O Presidente da AGAPAN lembra que, em Dezembro de 2018, a Alemanha fechou sua última mina de carvão em funcionamento, com direito a cerimônia oficial e presença de grandes autoridades europeias. Mesmo fechada, ressalta Milanez, a mina vai consumir 220 milhões de euros por ano (mais de R$ 700 milhões) para preservar a água subterrânea da poluição gerada. “Não existe garantia de nada no projeto”, fala um dos advogados do Ingá, AGAPAN e União Pela Vida (UPV), Nilton Tavares da Silva Filho, que integra a equipe que vem tratando judicialmente da questão.

Arroz orgânico

A Mina Guaíba quer ocupar o local onde agricultores detêm hoje o recorde latino-americano de cultivo de arroz agroecológico. A agricultora Adeles Bordin mora no assentamento Apolônio de Carvalho, a segunda maior unidade produtora de arroz orgânico do Estado depois de Viamão, com 72 famílias de agricultores, 700 hectares de cultivo de arroz, além da produção de hortaliças e um projeto de piscicultura em implantação. Os alimentos abastecem mais de 40 feiras orgânicas na Região Metropolitana de Porto Alegre. A Copelmi pretende remover ela e todos os moradores do local.

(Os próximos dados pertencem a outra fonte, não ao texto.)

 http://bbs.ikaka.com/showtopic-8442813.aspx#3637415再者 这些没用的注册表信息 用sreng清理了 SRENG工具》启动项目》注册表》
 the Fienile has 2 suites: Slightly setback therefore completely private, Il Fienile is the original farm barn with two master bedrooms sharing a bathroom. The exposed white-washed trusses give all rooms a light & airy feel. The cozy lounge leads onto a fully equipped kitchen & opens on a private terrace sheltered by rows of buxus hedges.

Além do assentamento, a lavra de carvão vai afetar cerca de 80 famílias do Loteamento Guaíba City, em Charqueadas, 40 comunidades indígenas guaranis, além de mais de 2 mil pescadores das ilhas que compõem o Delta do Jacuí e outros 4,5mil trabalhadores do setor hoteleiro.

Histórico de lutas

Foi no Rio Grande do Sul que um grupo de ativistas, sob a liderança de José Lutzenberger, lançou as bases do movimento ambientalista brasileiro, e que viria a se tornar a AGAPAN. Seu precursor foi Henrique Luís Roessler, que, em 1955, fundou a União Protetora da Natureza.

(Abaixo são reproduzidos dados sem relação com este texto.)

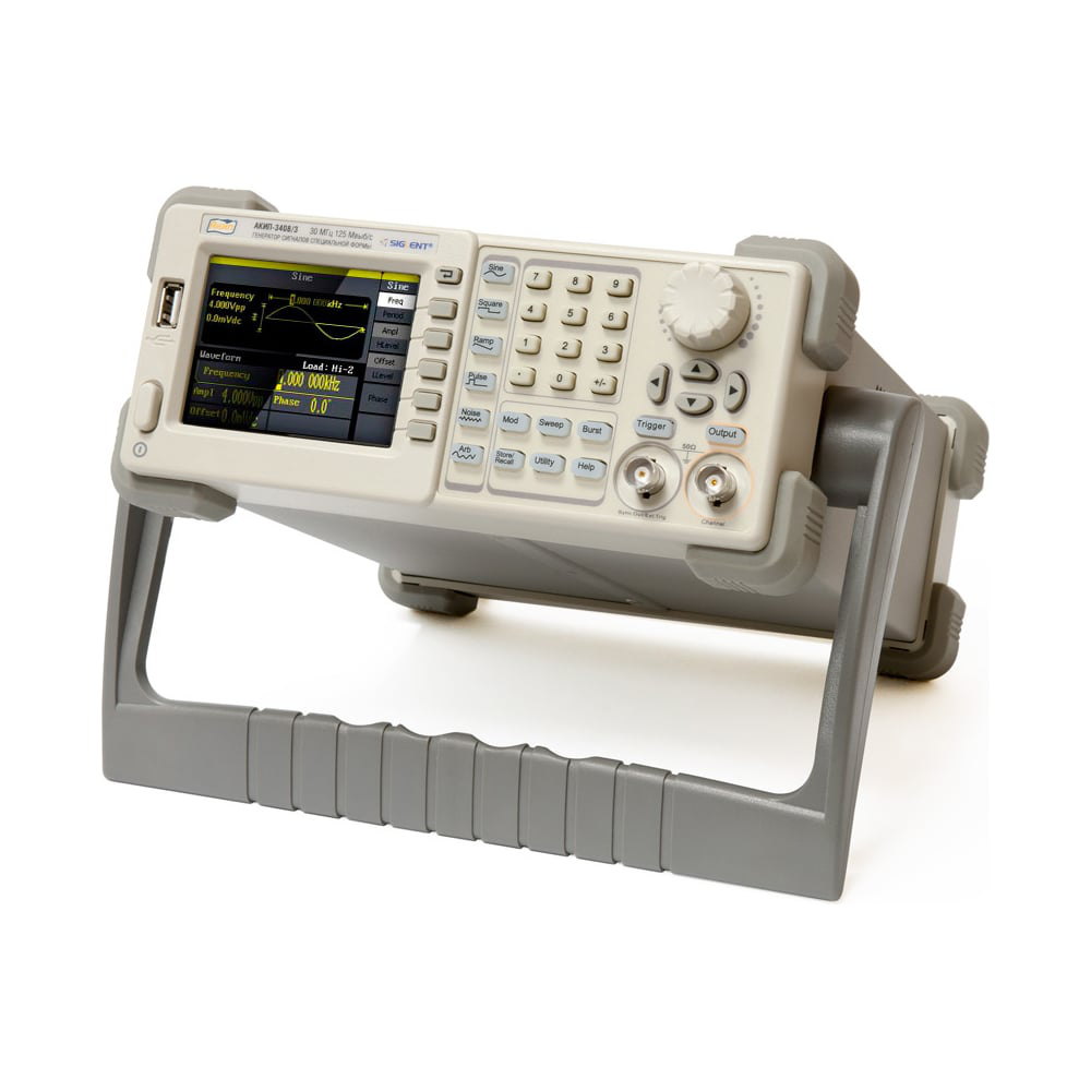 Генератор сигналов АКИП-3408/3 применяется для формирования сигналов стандартной и произвольной форм. Это измерительный прибор, принцип действия которого основан на технологии прямого цифрового синтеза. Генератор широко используется для экспериментальных исследований и образовательных приложений, в лабораторном тестировании, электронном моделировании, имитации сигналов окружающей среды, отладке и ремонте РЭА. Прибор имеет удобное меню и конфигурацию органов управления, большой цветной дисплей.
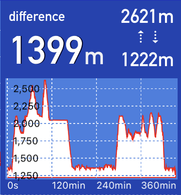 On historical tracks, the largest number displays the ‘difference’ between minimum and maximum, effectively the ski-height range that you have skied. In this case, the label will state ‘difference’ (as in the top image).
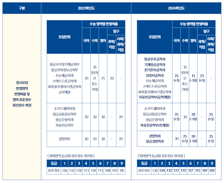 또한, 공과대학, AI융합대학, 스마트드론공학과, AI자율주행시스템공학과, 개방전공(공학적성) 학과에서는 수능분야별 반영비율이 전년도 대비 한국어는 5% 감소, 영어는 5% 증가, 영어(수학)는 5% 증가했습니다. 미적분/기하), 탐구(과탐) 등 필수과목이 폐지됩니다. 다만, 과점 과목당 5% 가산점이 신규 가산되며, 일부 모집 단위의 경우 모집군이 변경됩니다.
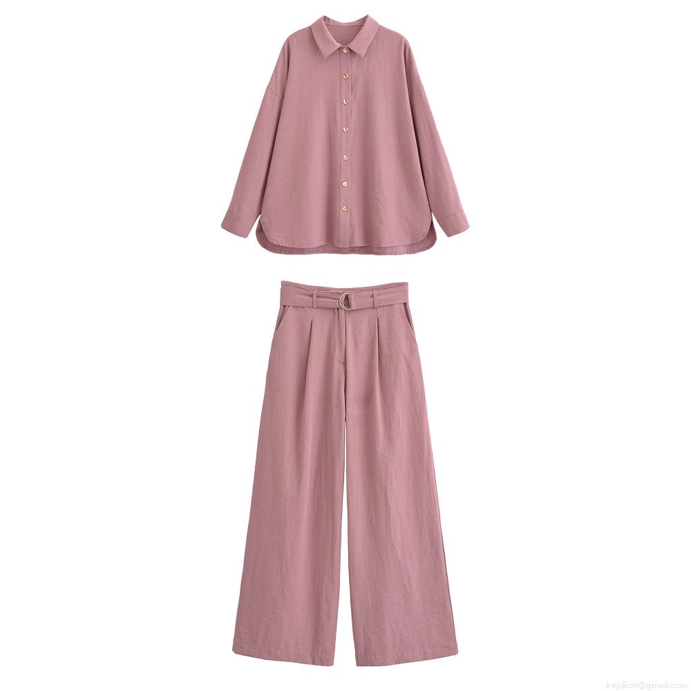 • Women's Elegant Two Piece Pants Set 100% Polyester Long Sleeve Lapel Shirt and High Waist Wide Leg Belted Pants Mauve Solid Color Casual Streetwear Outfit for Women
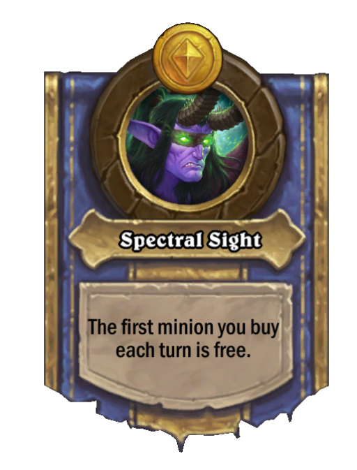 Spectral Sight is a Hero Power in Hearthstone Battlegrounds. Effect: The first minion you buy each turn is free. Created by: Aranna, Unleashed. This card is no longer in the pool (Legacy).
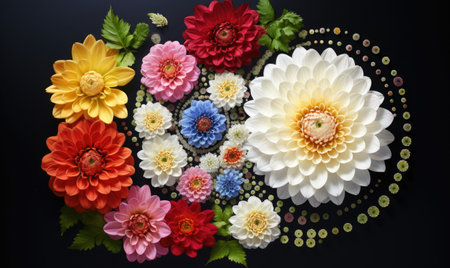 Colorful dahlia flowers on a dark background, top view
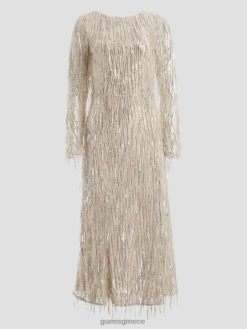 GUESS γυναίκες φόρεμα με κρόσσια από παγιέτες εκρού πολυ ενδύματα J46DJ737
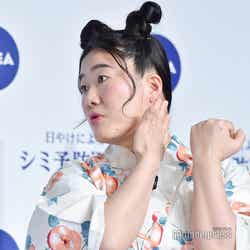 続けて、浴衣を着た際のスキンケアで気を付けている点を聞かれた田中は「うなじが見える機会が多いと思うんですよね。ヘアスタイルをアップにすると、見えている部分がこの辺(うなじ)なので、ここに日焼け止めを塗り忘れないように気を付けたいところですよね」と話し、うなじを見せたことで多くのフラッシュを浴びると「うなじっていうのは引きがあるんでしょうか(笑)。ありがたいことです。顔も使ってください」とご満悦。加えて「草履なので、足の甲に塗り忘れがちですので、そういうところもちゃんと塗ってほしいなと思います」とおすすめした。イベント中盤からは、ガンバレルーヤの2人も登場。イベントでは、浴衣姿で“うなじ”が映える日本舞踊にインスパイヤされた動き『艶肌所作』を教わり、披露する一幕もあり、田中が同所作を披露するとガンバレルーヤの2人は「素敵!」と目を輝かせ、まひるが「首からなんかボコって出てましたけど」と指摘すると、田中は「それはね、胸鎖乳突筋を作ったの。ここが綺麗にスッと出るように、トレーナーさんと一緒に作りました」と告白。
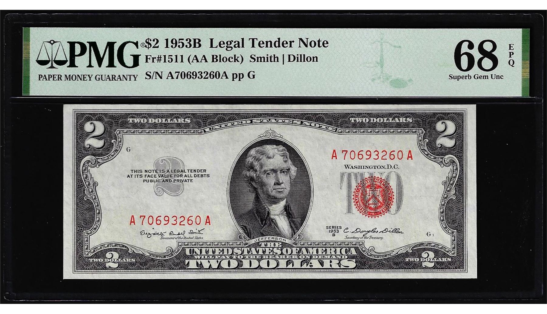 1953B $2 Legal Tender Note Fr.1511 PMG Superb Gem Uncirculated 68EPQ
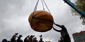 Abóbora gigante de quase 1 tonelada é erguida por guindaste em festival
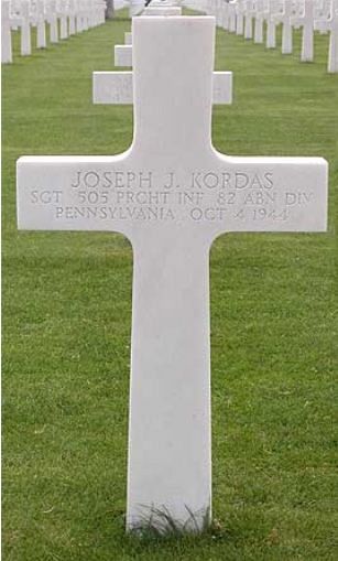 Sgt Joseph J. Kordas enlisted at Fort George G. Meade, Maryland on 24 June 1941.He was first buried at the Temporary American Military Cemetery of Molenhoek, The Netherlands on 5 October 1944.
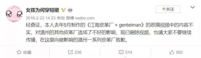 2015年-2016年,改编自上述文案的神曲《江南皮革厂倒闭了》让这个梗二度翻红,却招致众多温州商人的不满,他们向多地主管部门举报这一诋毁行为。后来,歌曲制作人公开道歉,相关商贩也受到行政处罚。
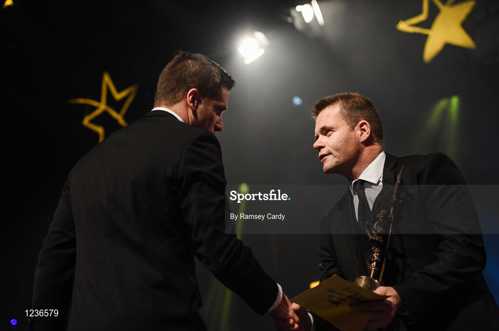 4 November 2016; Mayo footballer Lee Keegan is congratulated by Dessie Farrell after winning the Footballer of the Year award at the 2016 GAA/GPA Opel All-Stars Awards at the Convention Centre in Dublin. Photo by Ramsey Cardy/Sportsfile

O Rio Grande do Sul também é pioneiro no país na regulamentação da utilização de agrotóxicos, tendo, em 1982, estabelecido a proibição do uso de organoclorados e indicando a obrigatoriedade de receituário agronômico nas lavouras. Um clássico dessa história de luta foi o caso da fábrica de celulose Borregaard, instalada às margens do lago Guaíba sem qualquer investimento em equipamentos antipoluição, filtros ou barreiras nos esgotos e chaminés da unidade.

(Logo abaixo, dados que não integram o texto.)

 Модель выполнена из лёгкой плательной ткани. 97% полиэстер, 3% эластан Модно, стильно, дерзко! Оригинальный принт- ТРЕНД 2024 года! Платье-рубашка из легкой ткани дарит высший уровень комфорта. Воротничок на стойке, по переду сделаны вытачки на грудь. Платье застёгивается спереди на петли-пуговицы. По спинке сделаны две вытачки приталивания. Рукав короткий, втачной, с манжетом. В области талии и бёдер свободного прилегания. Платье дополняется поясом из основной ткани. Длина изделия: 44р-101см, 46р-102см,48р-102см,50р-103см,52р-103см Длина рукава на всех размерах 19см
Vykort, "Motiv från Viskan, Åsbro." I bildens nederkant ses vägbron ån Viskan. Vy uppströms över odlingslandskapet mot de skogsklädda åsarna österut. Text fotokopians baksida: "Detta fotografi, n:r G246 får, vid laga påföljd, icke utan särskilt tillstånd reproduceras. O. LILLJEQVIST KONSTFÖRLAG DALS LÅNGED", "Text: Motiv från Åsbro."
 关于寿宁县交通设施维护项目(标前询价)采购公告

Ao entrar em operação, a cidade de Porto Alegre foi tomada por um terrível cheiro de ovo podre, provocando mal-estar e dores de cabeça, um verdadeiro desastre ambiental que vinha sendo preconizado por estudiosos ainda durante o projeto de instalação. No fim de 1973, a fábrica foi interditada pelo Governo do Estado por conta da pressão de ambientalistas, imprensa e políticos e obrigada a adotar controles ambientais. Após sucessivas trocas de nomes e de comando, a empresa segue sendo alvo de críticas porque até hoje impacta com poluição.